Second, RelOptInfo simplifies a large number of details of cross-Relational Expression optimization, and its search width is further reduced compared to Calcite, which organizes sets of equivalent paths by Relational Expression. In terms of the number of equivalent sets, the search width of PostgreSQL is about an order of magnitude lower than that of Calcite, which, of course, is exchanged for more optimization possibilities, as mentioned above.

Finally, PostgreSQL mixes a lot of business logic in the optimization phase, which not only improves the difficulty of code reading, but also speeds up the optimization efficiency. In the process of optimization, PostgreSQL will continuously do constant folding, PathKey de-duplication, Union leveling, subquery leveling.
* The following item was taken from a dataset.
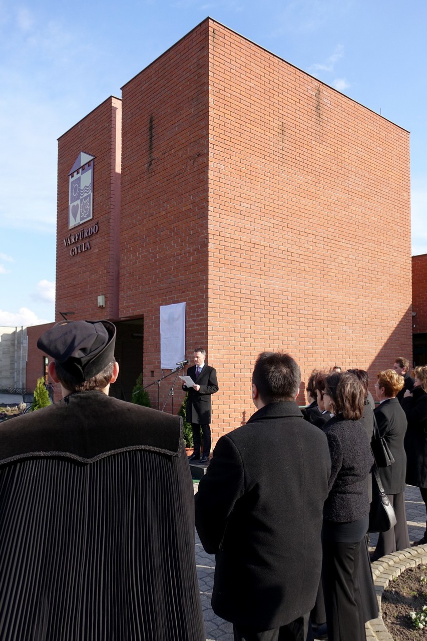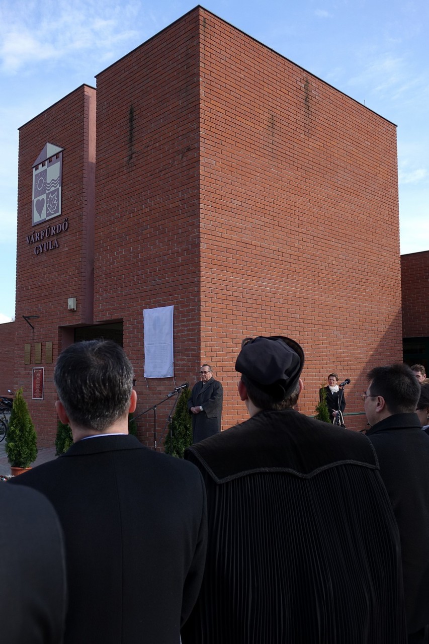 A rendezvényt a református kamarakórus előadása nyitotta meg, majd Boros László Attila, a Gyulai Várfürdő ügyvezetője köszöntötte a megjelenteket. Az igazgató kiemelte: az avatóünnepség azt bizonyítja, hogy a város és a Gyulai Várfürdő méltón ápolja hagyományait, emlékezik meg azokról, akik munkájukkal sokat tettek Gyuláért.

These operations will not be applied to memo.

Compared with Calcite/Orca, PostgreSQL optimizes faster and is more suitable for transactional scenarios. However, I can't tell whether Calcite/Orca can also support transaction scenarios after a proper mix of pruning and optimization rules.

The above is all the content of the article "sample Analysis of PostgreSQL Optimizer". Thank you for reading! Hope to share the content to help you, more related knowledge, welcome to follow the industry information channel!

Welcome to subscribe "Shulou Technology Information " to get latest news, interesting things and hot topics in the IT industry, and controls the hottest and latest Internet news, technology news and IT industry trends.

*The comments in the above article only represent the author's personal views and do not represent the views and positions of this website. If you have more insights, please feel free to contribute and share.